2. Personalmente, no me dedico a calificar a nadie ni a nada de comunista porque no sepa de qué estoy hablando y porque, a diferencia de Su Alteza, el rey de América, intento mantener la boca cerrada cuando no sé de qué estoy hablando.
3. No me enloquece el comunismo. Lo que me enloquece es que la gente intente ponerme a la defensiva achacándome este u otro polisílabo que nadie puede definir realmente.
4. No me preocupa el comunismo. Me preocupa mi país: es aquí donde vivo. ¿Y en qué situación nos encontramos aquí donde la gente puede reclamar lealtad extrema a Estados Unidos, y donde el Joe medio y la Jane media pueden articular confusamente montones de «lo tomas o lo dejas» y después dar media vuelta y decirte que la regla de la mayoría no viene al caso?
5. No me preocupa el comunismo. ¡Me preocupa mi país! ¿Puede darse realmente el caso de que un hombre quebrante la legislación estadounidense, los tratados internacionales, puede darse realmente el caso de que un hombre –de acuerdo, un hombre blanco, pero aun así– ignore y rechace las decisiones del Tribunal Internacional de Justicia y, sin embargo, decir adiós a 235 millones de niños mientras sube a un helicóptero para pasar un fin de semana lejos de las consecuencias de sus fechorías?

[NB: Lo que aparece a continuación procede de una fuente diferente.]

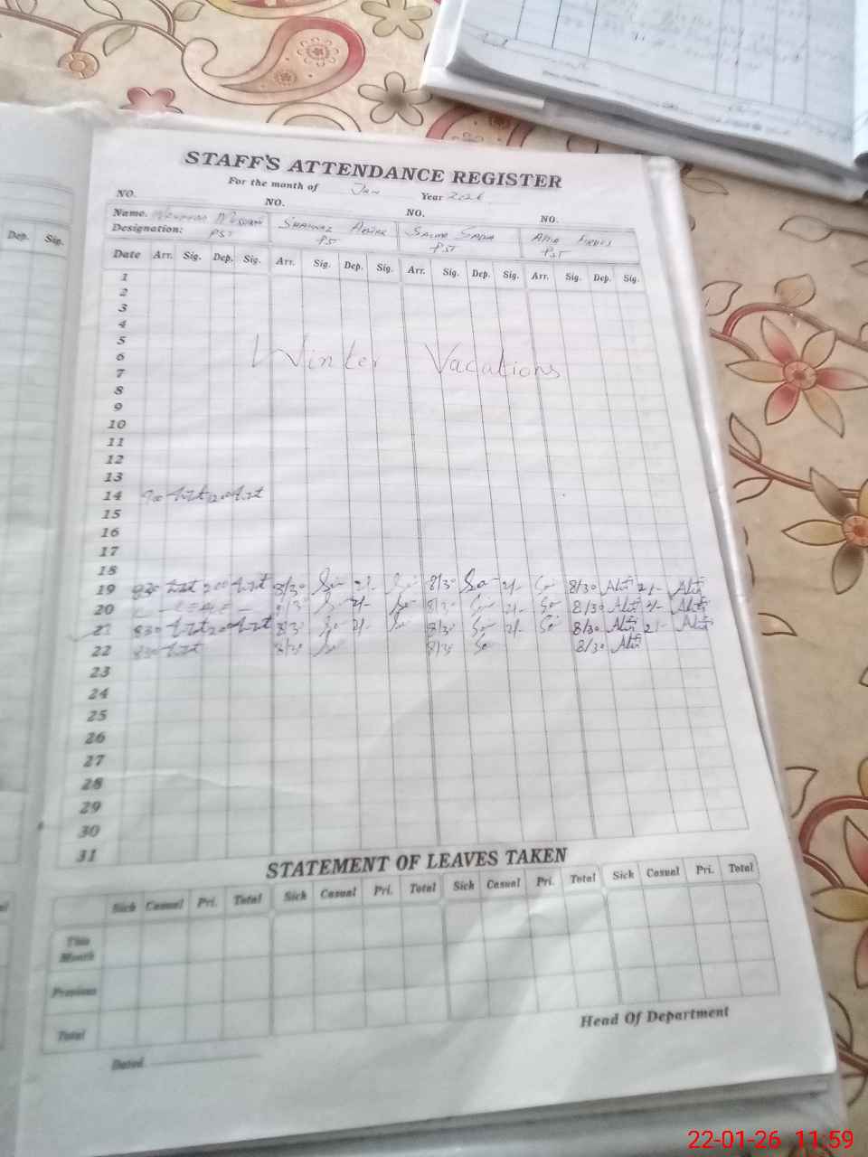 | Leave | Duty | Absent | Maternity | Medical | Ex- Pak |
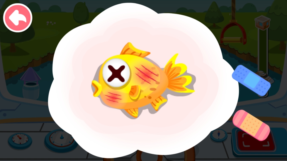 3、在清扫中,我们也会看到受伤的小鱼,赶快用伤口贴帮它包扎一下吧;
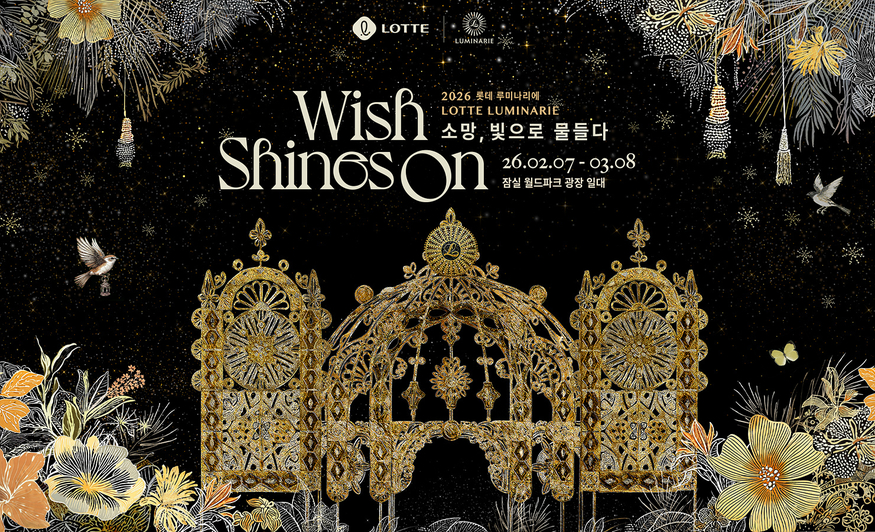 2일 롯데물산에 따르면 작년에 이어 2회째를 맞이한 ‘2026 롯데 루미나리에’는 롯데물산이 롯데지주와 함께 준비한 새해 첫 이벤트다. 루미나리에(Luminarie)는 ‘빛’ 또는 ‘조명’을 뜻하는 이탈리아어로, 조명을 이용해 건축물을 만들거나 꾸미는 빛 축제를 의미한다. 올해 루미나리에 테마는 새봄을 기다리는 2월, 모두의 소망이 이뤄지길 바라는 마음을 담아 ‘Wish Shines On(소망, 빛으로 물들다)’으로 정했다.
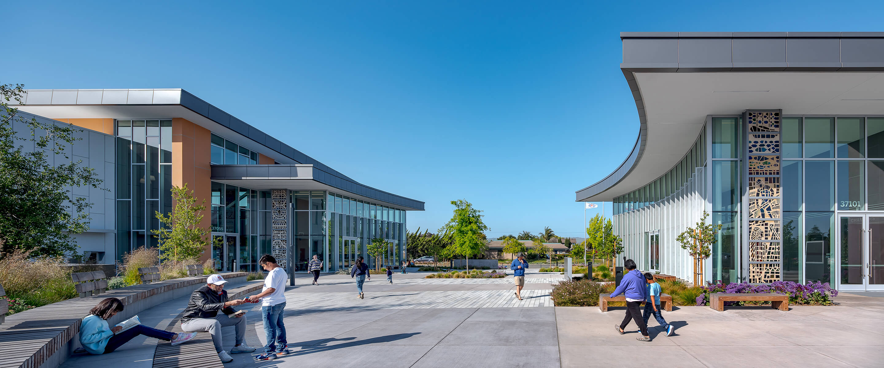 The three different buildings are centered by a plaza that serves as a multi-function public event space, evoking a distinct town center feel and creating a sense of community for Newark residents.
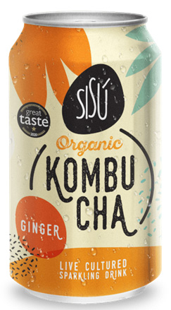 Product Identification: Sisú Ginger Flavoured Organic Kombucha; pack size: 330ml cans and 12x330ml case.
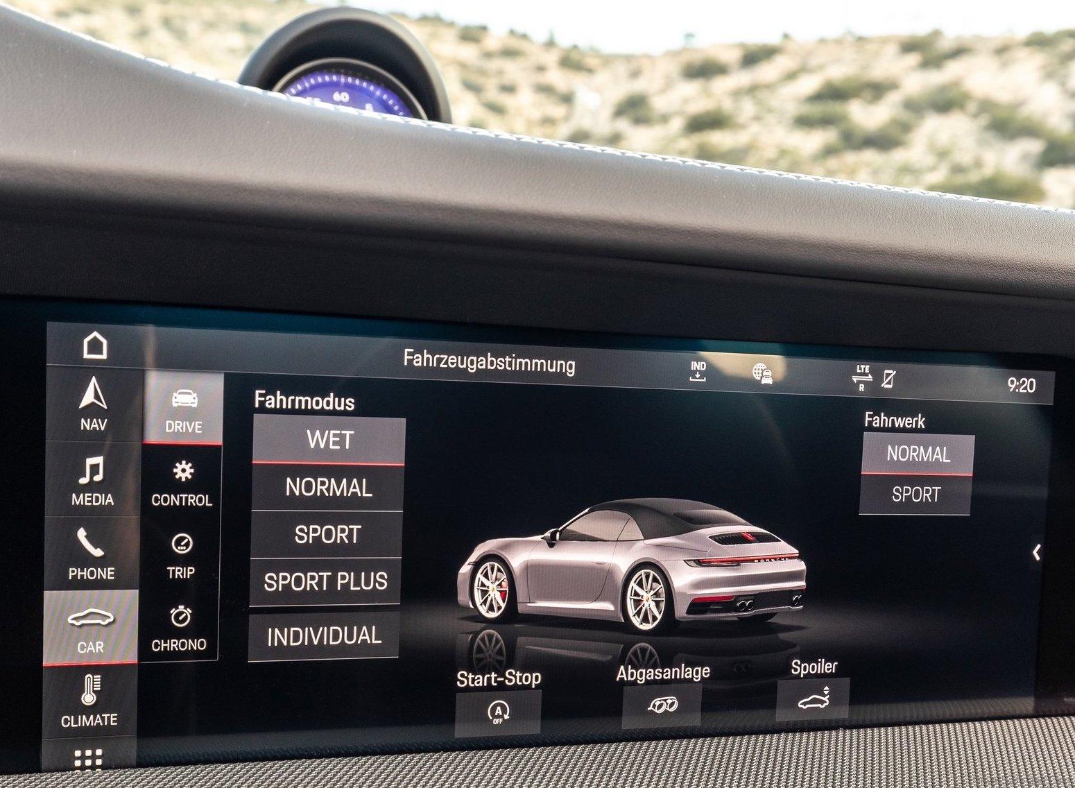 The new Porsche Communication Management (PCM) with online navigation makes it much easier to control the extended Infotainment functions. Numerous vehicle functions that were previously operated via the instrument cluster or centre console can now be configured in a graphically attractive way via the 10.9-inch touchscreen display of the PCM in the new 911. Map data for most European countries is pre-installed. Perspective map views and 3D navigation maps are available in many cases.

6. ¿Está sucediendo en la vida real presente que un solo hombre suprima y deshonre la Constitución de Estados Unidos y luego espere recibir expresiones de simpatía y apoyo de los líderes de algo llamado Partido Demócrata?
7. ¿Puede ser cierto que realidades como la geografía no sean ya importantes para Estados Unidos? ¿Es admisible que un hombre pueda mentir y mentir y mentir y seguir y seguir mintiendo una y otra vez y, sin embargo, ocupar el cargo más elevado de la tierra?

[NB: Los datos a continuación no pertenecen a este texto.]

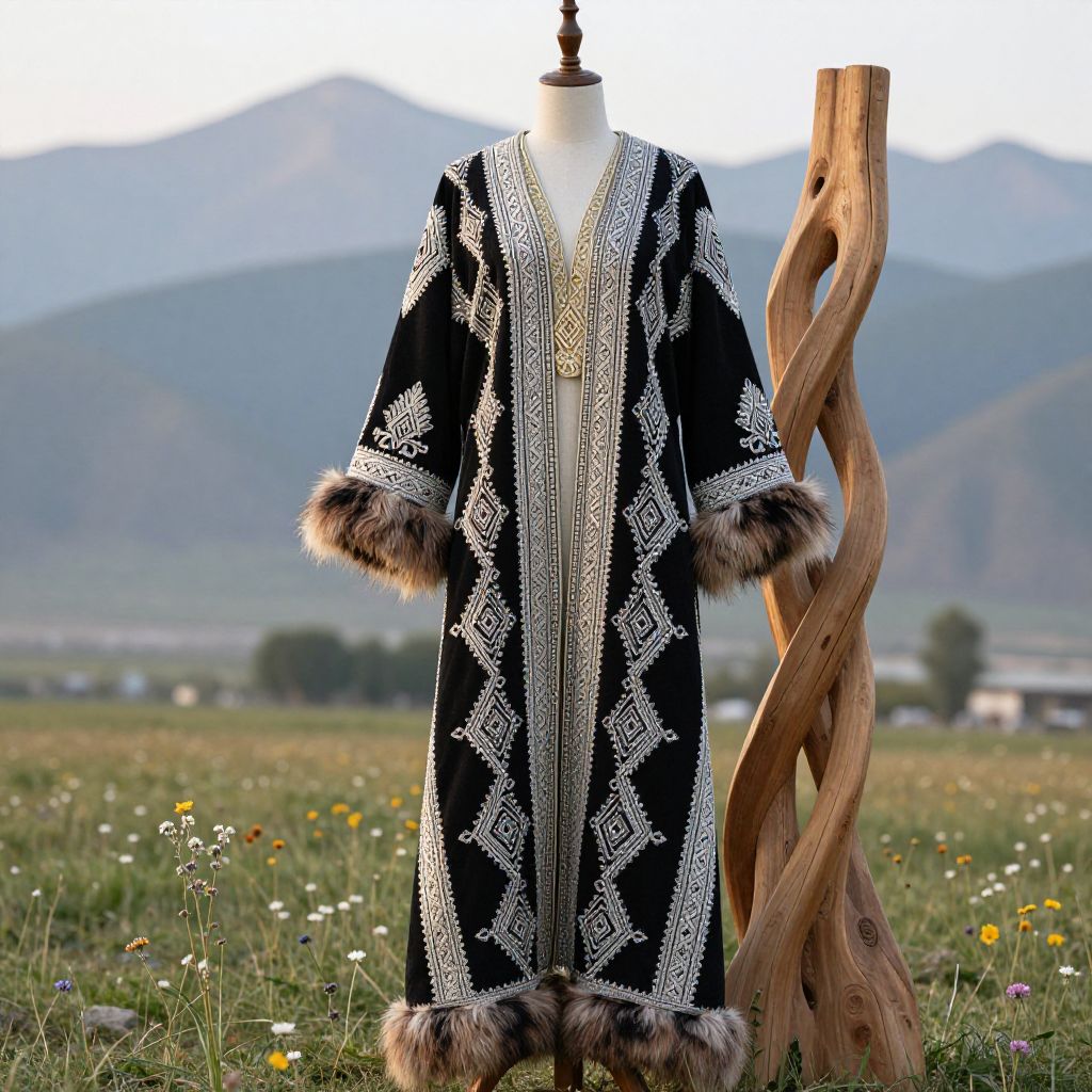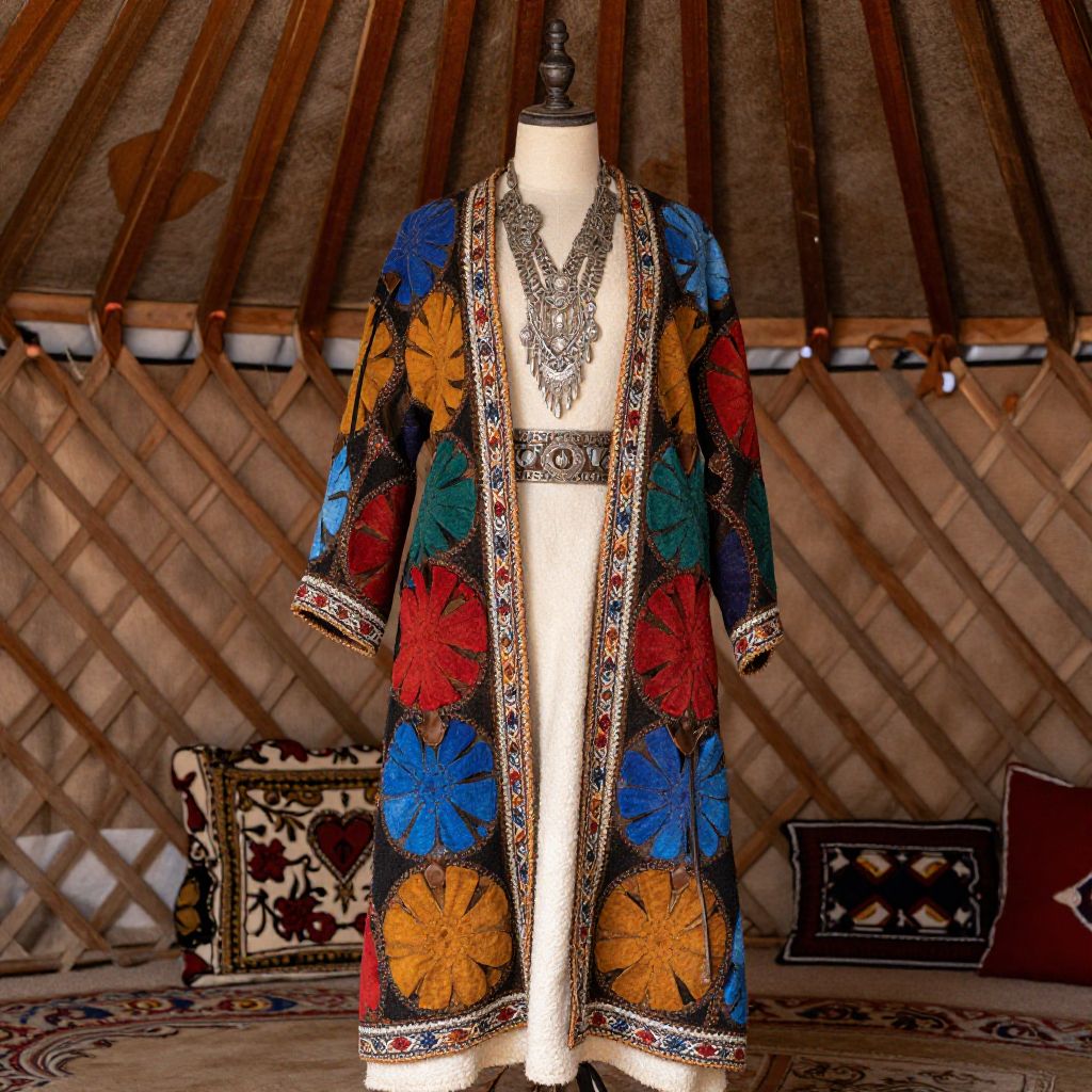 Kyrgyz dress traditional costume featuring colorful felt decorations and ornate silver jewelry, displayed on a mannequin in a sunlit yurt interior, warm earthy tones, authentic craftsmanship, natural textures of wool and leather, cultural and historical aesthetic

8.¿Debo creer que hay algo equivocado en ofrecer agua a quien tiene sed? ¿Algo equivocado en ofrecer la paz a quien solicita la paz? ¿Algo equivocado en ofrecer zapatos a quien carece de ellos? ¿Debo creer que mi país no respeta ni respetará los derechos de soberanía y autodeterminación de ningún otro país del planeta?
9. ¿Debo aceptar que mi país ratifique y aliente, infaliblemente, a todos los tiranos y fuerzas malignas en el Primer y del Tercer Mundo?
Si el tinglado actual ha caído tan bajo que no debo amar la verdad, no debo querer justicia, no debo permitir que otras personas discrepen de mí, no debe importarme la ley lo más mínimo, no debo respetar a nadie que difiera de mi propia y particular imagen –o de lo contrario seré un sucio perro infame–, entonces, sí: ¡soy un sucio perro infame! ¡Soy republicana! ¡Soy seguidora del equipo de béisbol Boston Red Sox! ¡Soy comunista! ¡Soy una poeta caribeña enfadada!
Y este es mi país, esta Norteamérica. Este es mi hogar, esta democracia. Esta es mi firme esperanza, este conglomerado de estados quejumbrosos, renqueantes, jorobados, maltratados, agónicamente unificados por la Declaración de Independencia y la Constitución.No estoy dispuesta a adorar una perversa telenovela de mi vida. Y no estoy dispuesta a olvidar la realidad de mis derechos.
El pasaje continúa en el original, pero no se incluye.